Expert Tips: Hall recommends consistent hydration throughout the day, recommending at least half of your body weight in ounces per day. (Example: If you weigh 160 pounds, aim for at least 80 ounces of water during the day). Pay attention to your urine color and aim for a "pale yellow" color.
We've Lost Our Sense of True Hunger and Thirst
In today's society, many have lost our true sense of real hunger and thirst. We take our cues, largely, on what is put in front of us at our local restaurant and by the food industry which, in most cases, feeds us an excessive amount of calories, oil and salt. We're often eating from cues that aren't hunger and that can be something we have to relearn.

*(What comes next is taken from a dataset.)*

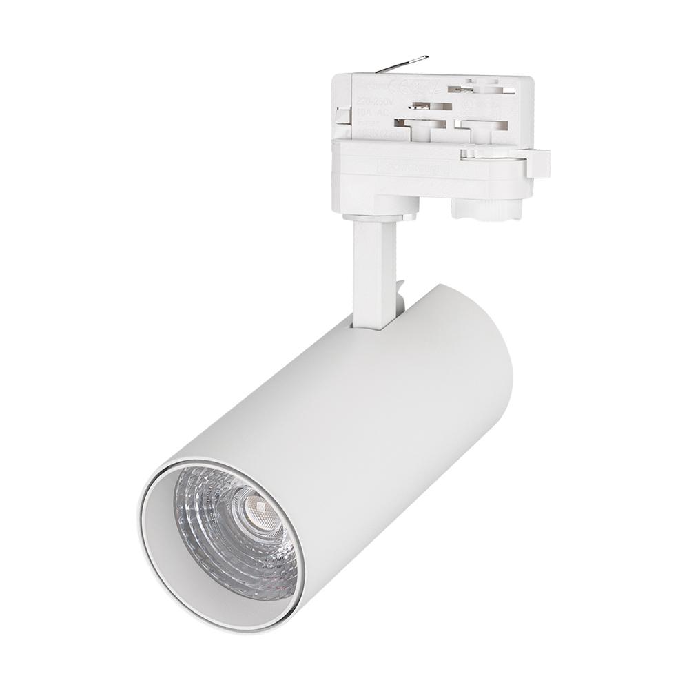 Светильник подвесной для треков/шин 4 провода 20Вт. Цвет свечения ДНЕВНОЙ 4000K световой поток 1800-2200лм угол 24° CRI>90. Корпус круглый металл цвет белый IP20. Размеры DxHxL ?74x160x170мм. Входное напряжение AC220-240V мощность 20Вт. Драйвер встроенный (30-42V 500mA).

"You can't out-train a bad diet," Sud cautions. "You may lose some weight, but you may not be healthy. The most important choice you can make is what is on your plate, so make your fuel as clean as possible."
Expert Tips: Both Sud and Hall encourage their athletes to be more mindful about consumption and learn to listen to your body's cues. Are you feeling weak and lethargic throughout the day? Does your energy and pace start to decrease when you are training? Are you increasingly grumpy or "hangry?" Are you cramping more? These are all signs and symptoms our bodies give us to let us know that it may be under-fueled. Start to keep a food log of what you are eating and drinking throughout the day. Tracking your consumption is often an eye-opener to deficiencies and overindulgences, both of which may hinder your training and race day performance.